### [PROBLEM]
Write the records out exactly, so that no picture remains in the copy.
*** Begin section ***
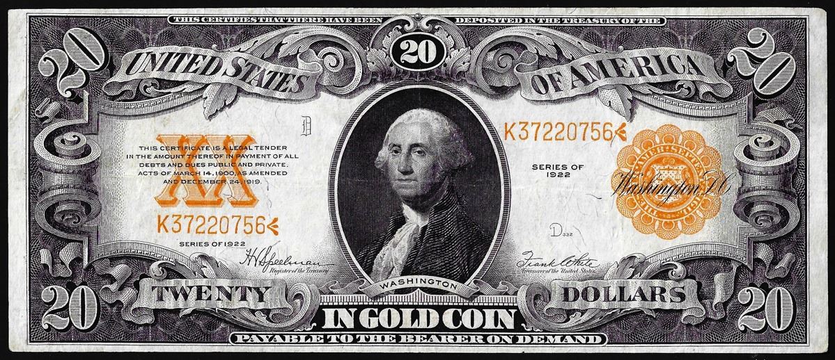 One 1922 $20 Gold Certificate Note.
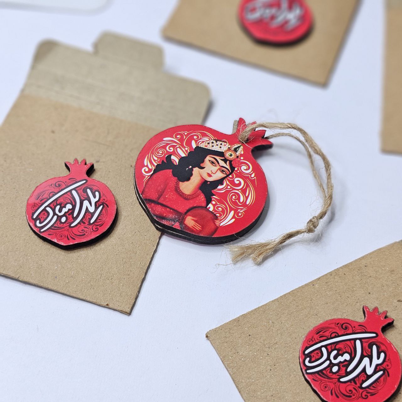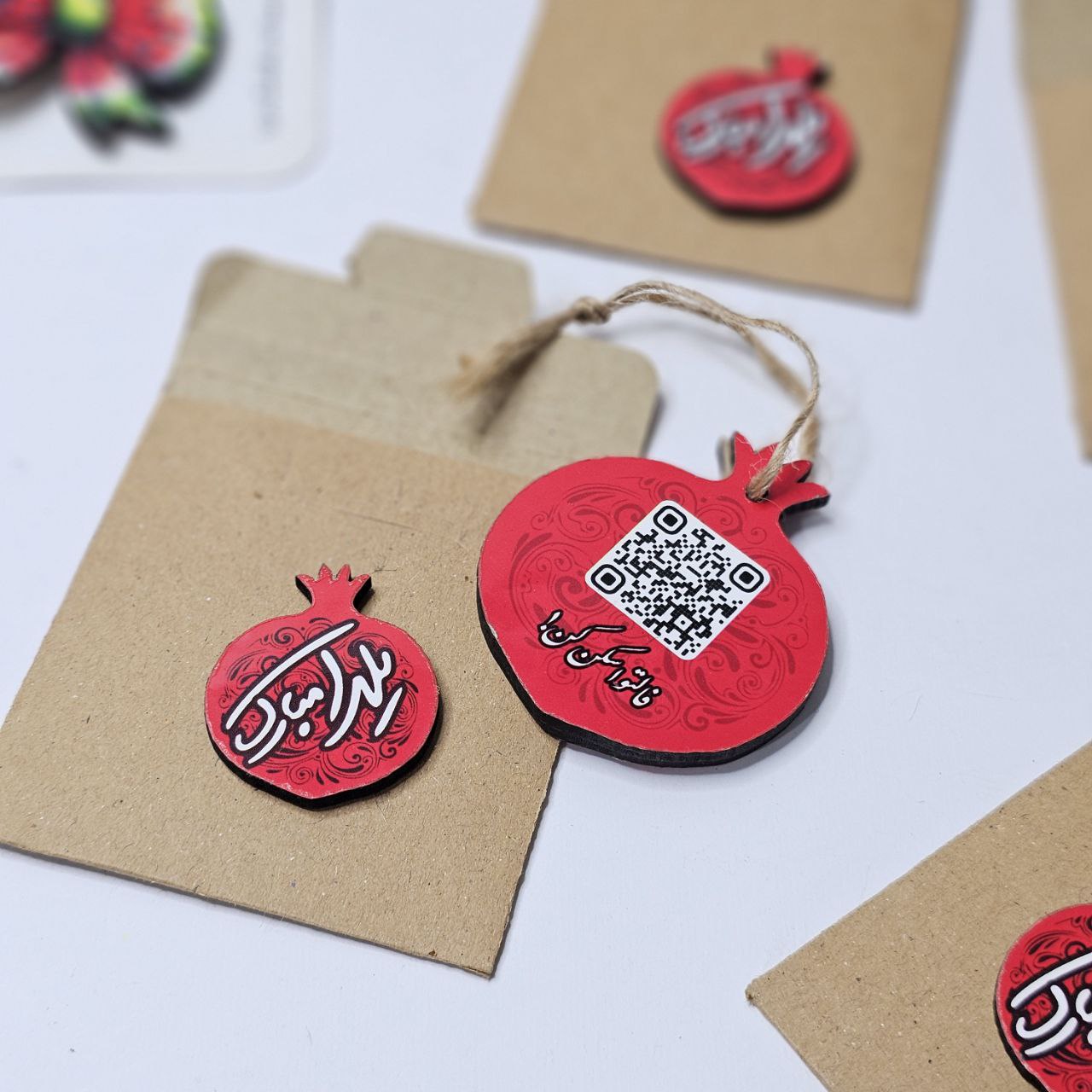 جنس: چوب 🍉 ابعاد: ۵ × ۶ سانتی متر🍉 متعلقات: یک پاکت کرافت حاوی یک انار کنف دار دو رو چاپ 🍉 پس از اسکن بارکد درج شده روی انار، فال حافظ روی صفحه گوشی شما نمایان خواهد شد. 🍉
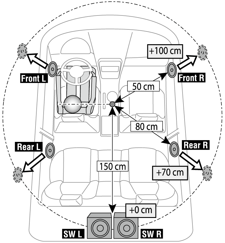 Zur Feineinstellung des Lautsprecherposition-Kompensationswertes gemäß Einstellung unter <5-3. Auswahl des Fahrzeugtys>.
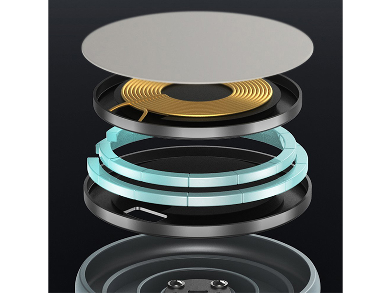 همانطور که پیش تر گفتیم شارژر وایرلس بیسوس WXSW-01 فقط مناسب سری 12 به بعد آیفون است. داخل این شارژر دو حلقه مغناطیسی تعبیه شده که به بدنه آیفون 12 می‌چسبند و از هدر رفت انرژی جلوگیری می‌کنند. این حلقه‌ها از جنس فریت می‌باشند که دارای ترکیبات آهنرباییست و معمولا در دستگاه ‌های الکتریکی فرکانس بالا به کار می‌رود. روی این آهنرباها با یک لایه سیم پیچ القایی مسی و پنل پلی کربنات عایق پوشانده شده است.
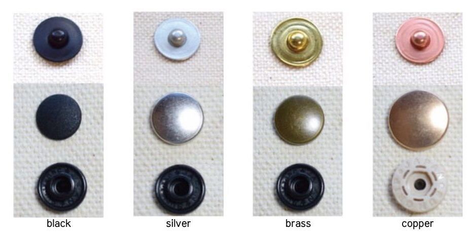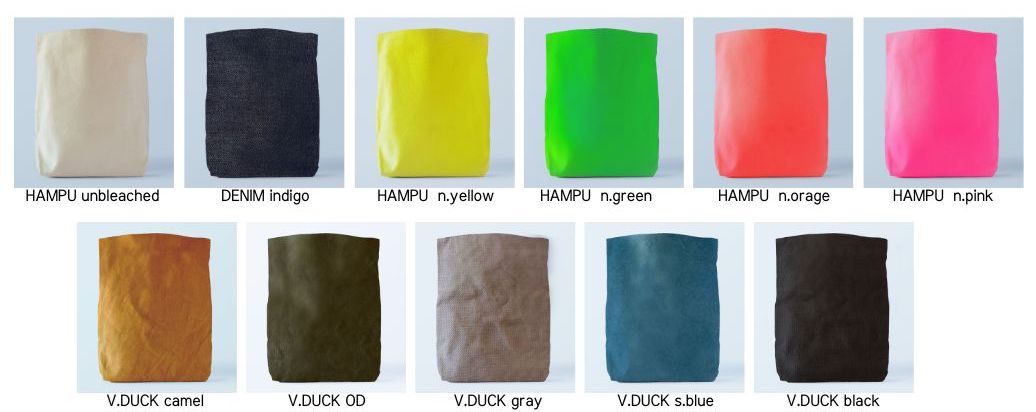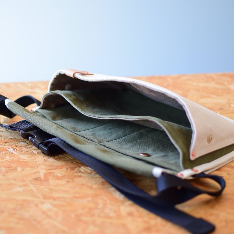 ベース生地、手前のポケット生地、ステッチ色、リベット色、プリント色をお選び頂けます。(端のパイピングは生成りのみです)
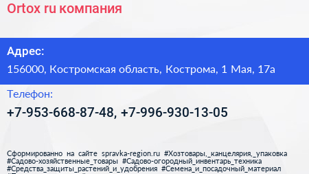 Ortox.ru, компания по адресу 156000, Костромская область, Кострома, 1 Мая, 17а в дальнейшем Организация, размещена в следующих категориях:
*** End section ***
### [YOUR SOLUTION]
 One 1922 $20 Gold Certificate Note.
 جنس: چوب 🍉 ابعاد: ۵ × ۶ سانتی متر🍉 متعلقات: یک پاکت کرافت حاوی یک انار کنف دار دو رو چاپ 🍉 پس از اسکن بارکد درج شده روی انار، فال حافظ روی صفحه گوشی شما نمایان خواهد شد. 🍉
 Zur Feineinstellung des Lautsprecherposition-Kompensationswertes gemäß Einstellung unter <5-3. Auswahl des Fahrzeugtys>.
 همانطور که پیش تر گفتیم شارژر وایرلس بیسوس WXSW-01 فقط مناسب سری 12 به بعد آیفون است. داخل این شارژر دو حلقه مغناطیسی تعبیه شده که به بدنه آیفون 12 می‌چسبند و از هدر رفت انرژی جلوگیری می‌کنند. این حلقه‌ها از جنس فریت می‌باشند که دارای ترکیبات آهنرباییست و معمولا در دستگاه ‌های الکتریکی فرکانس بالا به کار می‌رود. روی این آهنرباها با یک لایه سیم پیچ القایی مسی و پنل پلی کربنات عایق پوشانده شده است.
 ベース生地、手前のポケット生地、ステッチ色、リベット色、プリント色をお選び頂けます。(端のパイピングは生成りのみです)
 Ortox.ru, компания по адресу 156000, Костромская область, Кострома, 1 Мая, 17а в дальнейшем Организация, размещена в следующих категориях:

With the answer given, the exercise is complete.